The Surreal Tensions With Russia

soldier in crimeaBy Peter Galuszka

Back in the 1950s, when I was a little kid living in North Carolina or the Washington area, our family would take a semi-annual trip to visit my father’s relatives in western Massachusetts. My grandparents lived in a nice two-story house with an old-style brick barbecue in the back but that wasn’t the thrill for me.

The reason I loved visiting was because of Westover Air Force Base, a Strategic Air Command facility on constant hair-trigger alert to blow the Soviet Union to kingdom come.

Gigantic B-52s would drill, roaring over the house on takeoff, sometimes in the middle of the night. Interspersed among them would be KC-135 tankers modeled on Boeing 707 jetliners. They would thunder over the house, shaking everything, at intervals of 30 seconds or maybe a couple of minutes. I was too young to understand but the reason they took off that way was to get the bombs in the air before the Russians could nuke the entire area, including my family and me. Use ’em or lose ’em.

So, more than 50 years later, it is bizarre to see Russia and the U.S. in their worst conflict since the 1962 Cuban Missile Crisis over Ukraine and Crimea. There are actually serious and intensely hedged think pieces online outlining what a modern day war between Moscow and Washington would look like. It could be a proxy war,  an air war but an ocean war is unlikely since the Black Sea is a bathtub and an American ship would be easy meat. The most likely worst case would be a NATO member on the border somehow getting involved and then we go in because we have to by treaty. If things ramp up, military-heavy Old Virginny will be high on the hit parade of love.

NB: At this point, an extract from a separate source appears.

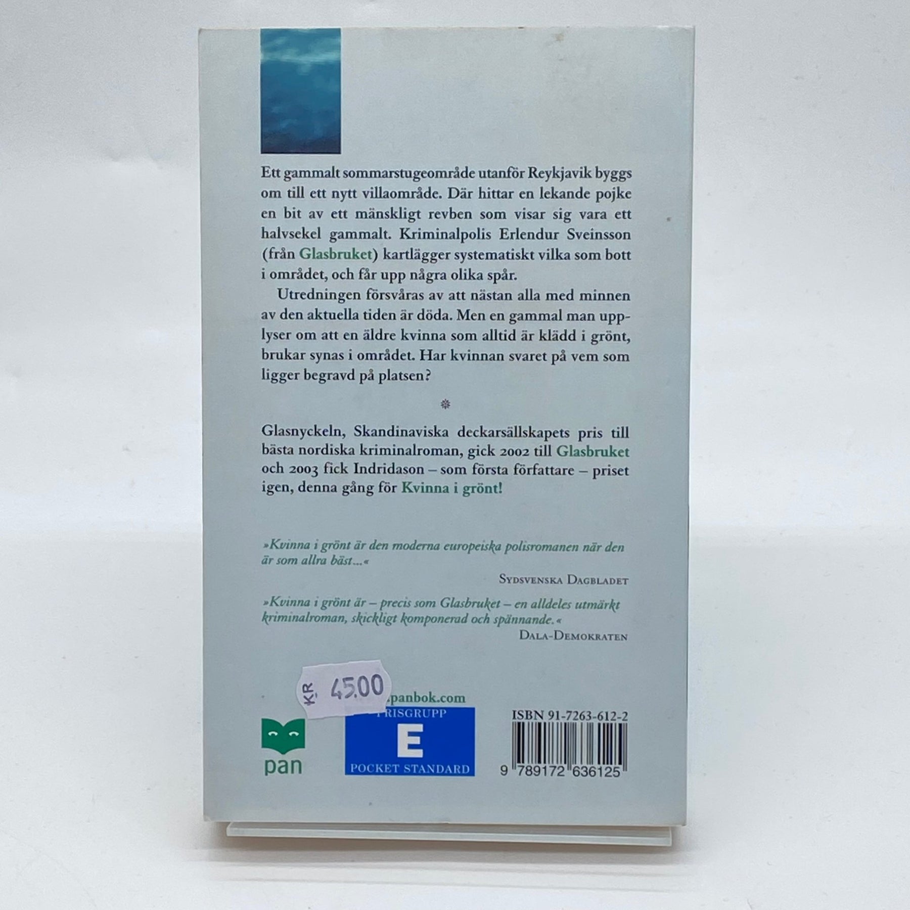 Denna bok är en del av en älskad serie som har förtrollat deckarläsare över hela Norden. "Kvinna i grönt" kombinerar mysterium och spänning i en berättelse som utspelar sig i Reykjaviks mörka kanter. Perfekt för alla som älskar välutvecklade karaktärer och kluriga intriger. Boken är begagnad men i utmärkt skick.3. Produktspecifikationer (as an HTML table)
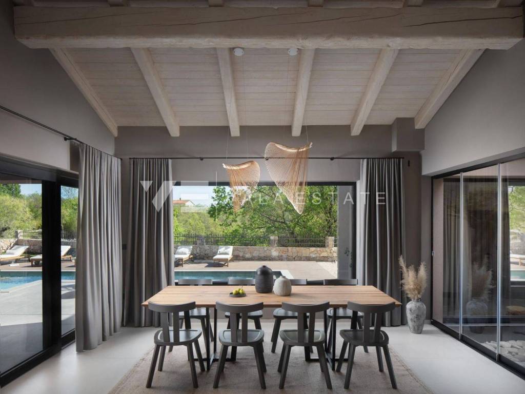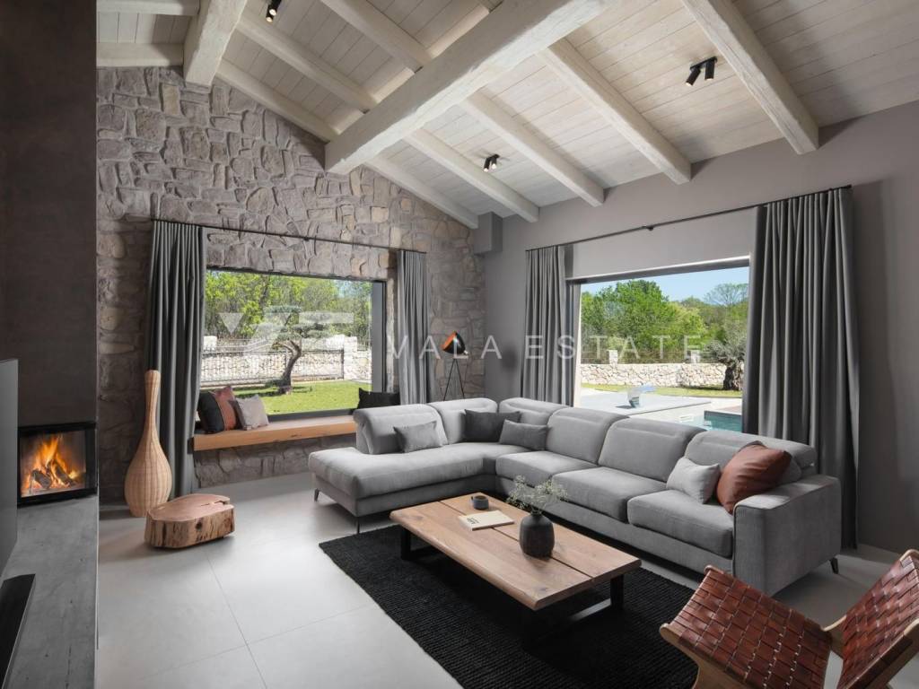 Real estate on the island of Krk, Vrbnik surroundings - a new modern villa with elegant lines is for sale in a beautiful and quiet location with an excellent layout, swimming pool and luxury designer furniture. The villa occupies a total of 220 m2 and is divided into a ground floor and a first floor. The ground floor includes an open living area with a kitchen and dining room with lots of natural light and access to a covered terrace and garden, a toilet and a bedroom with its own bathroom. On the floor, which is connected by an internal staircase, there are two more spacious bedrooms with their own bathrooms and a sauna. The villa is fully finished and furnished, and exceptional quality materials were used, top-quality ceramics and modern sanitary ware, ALU and PVC joinery, all rooms are air-conditioned, underfloor heating throughout the house and many other features. The yard is decorated and enriched with Mediterranean horticulture, and it is completed by a 47 m2 swimming pool, a pergola, a sundeck, a summer kitchen and a beautiful sitting area with a fireplace for evening gatherings. The location is very pleasant and quiet, 4000 m from the sea. Agency Vala Estate Malinska will provide you with a safe and transparent transfer of ownership and all necessary documentation. ID CODE: k-489 VALA ESTATE d.o.o. Mob: +385 99 444 0550 Tel: +385 51 568 917 E-mail: info@vala-estate.com www.vala-estate.com

Every morning, I go through the surreal headlines about what seems to be Vladimir Putin’s shameless land grab. I agree with analysts who say this is time for firmness but patience. Conservative yahoos should chill their stupid upbraiding of Obama. He didn’t do this. In fact, he’s been much tougher with Putin than George W. ever was. And, there isn’t much he can do. Any doubts, look at a convenient map.

A few takeaways:

  • Putin’s not doing this to win over the Russian people. A poll shows that 73 percent of them want no part of military operations against Ukraine or Crimea.
  • It’s not clear that Putin is doing this to reinstate Viktor Yanukovich who was ousted as Ukrainian president in a street putsch in Kieva couple of weeks ago. Writing in today’s New York Times, Ruslan Pukhov of the Center for Analysis of Strategies and Technologies says that Putin actually favored former Ukrainian leader Yulia Tymoshenko, a darling of the West, who was released from prison when Yanukovich was ousted. This is not to say that Putin’s squeaky clean. He’s put plenty of people in prison, including, recently, Boris Nemtsov, a Russian liberal reformer.
  • The global economy can work against Putin. One of my biggest disappointments with the failure of 1980s and 1990s Russian reforms is that they have done little if anything to transform themselves from a fossil fuel kleptocracy into something more economically viable. They have enormous brainpower available but have squandered it. They need to get with the program and/or find someone to buy their oil and gas. The buyer doesn’t necessarily have to be Europe.
  • It’s awfully quiet there. There have been few if any reports of violence since the Crimea incursion began. That’s a far cry from a couple of weeks ago in Kiev. If he withdraws the extra forces, Putin can keep his Crimean bases anyway.

Somehow, I have faith that the fortitude and common sense of ordinary Russians and Ukrainians will prevail. They did when I witnessed, up front and personal, my very own coup in 1993 in Moscow that killed a few hundred (including almost me a couple of times) and wounded thousands. The skinhead guys in the camo fatigues running around with AKs looked very much like some of the characters I saw on TV in Kiev. If they can be kept at bay, the U.S. doesn’t overplay its hand and ignorant American conservatives shut their yap, maybe this madness will end.